O Concílio Vaticano II ensina que Deus fala depois de ouvir, que ele se revela dialogando, como amigo que se entretém conosco e nos convida a participar de sua intimidade. A palavra dialogal é sempre uma proposta que espera resposta. É um convite que espera ressonância. Mesmo quando se apresenta como ordem, a Palavra conta com a livre decisão do interlocutor. Uma palavra imperativa, que vem de cima e sabe somente dar ordens, que não se interessa com a resposta, que desconhece os tempos indicativo e subjuntivo, tem jeito de imposição, infantiliza e não constrói pessoas livres.

Jesus Cristo, a Palavra de Deus feita carne e história, é convite e apelo que traz a força dAquele que a pronuncia. Este convite tem autoridade e mobiliza porque vem de Alguém que se faz um de nós, se torna igual a nós em tudo, assume e pronuncia a palavra do simples ser humano, com seus sonhos e necessidades. “Vai trabalhar hoje na minha vinha…” Jesus é palavra que convoca à ação, a assumir a responsabilidade pela nossa própria emancipação, a assumir nossa responsabilidade no mundo e na história. E ele espera uma resposta que não seja apenas aparente e formal.

A crítica de Jesus aos fariseus, sacerdotes e doutores da lei é paradigmática, e nos coloca de sobreaviso. Aqueles que se sentem orgulhosamente os primeiros ouvintes e exemplares praticantes da Palavra de Deus na verdade são como filhos que dizem sim à ordem do pai mas se recusam a fazer o que ele pede. Creio que nós não estamos livres dessa tentação. Corremos o risco de ficar na superfície, na aparência. Não faltam homens e mulheres de igreja que estudam cientificamente a Palavra de Deus, conhecem o contexto e o texto, mas não conseguem passar do cérebro ao coração e às mãos…

E há outros que dizem não à Palavra de Deus, mas só aparentemente: alguns não frequentam muito assiduamente as celebrações; outros se opõem abertamente à Igreja e às religiões; muitos amargam experiências de pobreza, marginalização e exclusão… Mas tantos deles se empenham de corpo e alma na tarefa de humanizar o que lhes sobra de vida e de evitar que o mundo se corrompa ainda mais. Começam pelo círculo de pessoas que se congregam na família e militam em associações, movimentos, sindicatos e organizações solidárias. O não inicial e público deles se revela um sim prático e anônimo.

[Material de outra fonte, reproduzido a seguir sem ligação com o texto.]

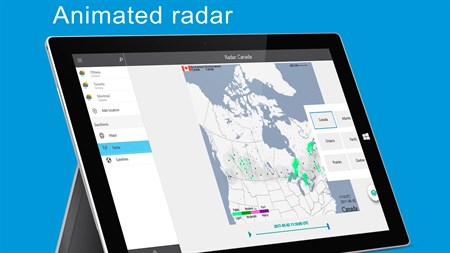 Weather 14 days. Forecasts, Maps, Satellites, Radar and Live Tile or Widgets. Weather 14 days is completely FREE with the latest weather information for Canada and the rest of the world. Featuring detailed 14 day forecasts, maps, satellites and radar. Compatible with any Winwdow 10 smartphone, tablet, Surface or PC. Hailed by fans meteorology, the app features a modern layout based around Google’s Material Design making it very quick and easy to use.

Mas há outras tantas pessoas que sequer conseguem crer em si mesmas. Não se consideram merecedoras de nada e parecem ser uma negação absoluta de tudo o que possa ser bom e desejável. São como as prostitutas e os publicanos do tempo de Jesus. A elas é o próprio Deus que diz um sim claro e retumbante: sim à sua dignidade, sim à sua inclusão, sim ao seu desejo de uma vida mínima. Jesus Cristo é o sim de Deus às aspirações profundas da humanidade, especialmente das diversas categorias de oprimidos! Essas pessoas são acolhidas na primeira classe do Reino!

Em Jesus de Nazaré, Deus se faz avalista dos sonhos de dignidade, igualdade e liberdade que nos habitam. Mas ele é também um sim ao Pai, e isso se expressa no esvaziamento de toda superioridade prepotente, na eliminação de todo distanciamente prudente, no movimento de fazer-se próximo e ocupar um lugar ao lado dos últimos.  Este esvaziamento não é uma ascese vazia que despreza a vida, mas um movimento de aproximação daquilo que é humano, de amor ativo e solidário, de verdadeira humanização. E Paulo hoje Paulo nos convida a assumir esta postura, este sentimento de Jesus…

Deus pai e mãe, através do teu filho e nosso irmão Jesus continuas dirigindo-nos tua palavra-convocação. Às vezes este palavra-convite nos desconcerta e inquieta. Teu filho parece exagerar quando afirma que as pessoas tratadas como pecadoras precedem as ‘pessoas de bem’ no teu Reino. Isso não nos parece justo. Que Ezequiel nos ensine que errados estamos nós, e não tu. Que os santos e santas, e a nuvem de testemunhas de ontem e de hoje, nos convençam de que a Justiça do Reino é um caminho possível, pois eles o percorreram. Que eles intercedam por nós e por toda a Igreja. Assim seja! Amém!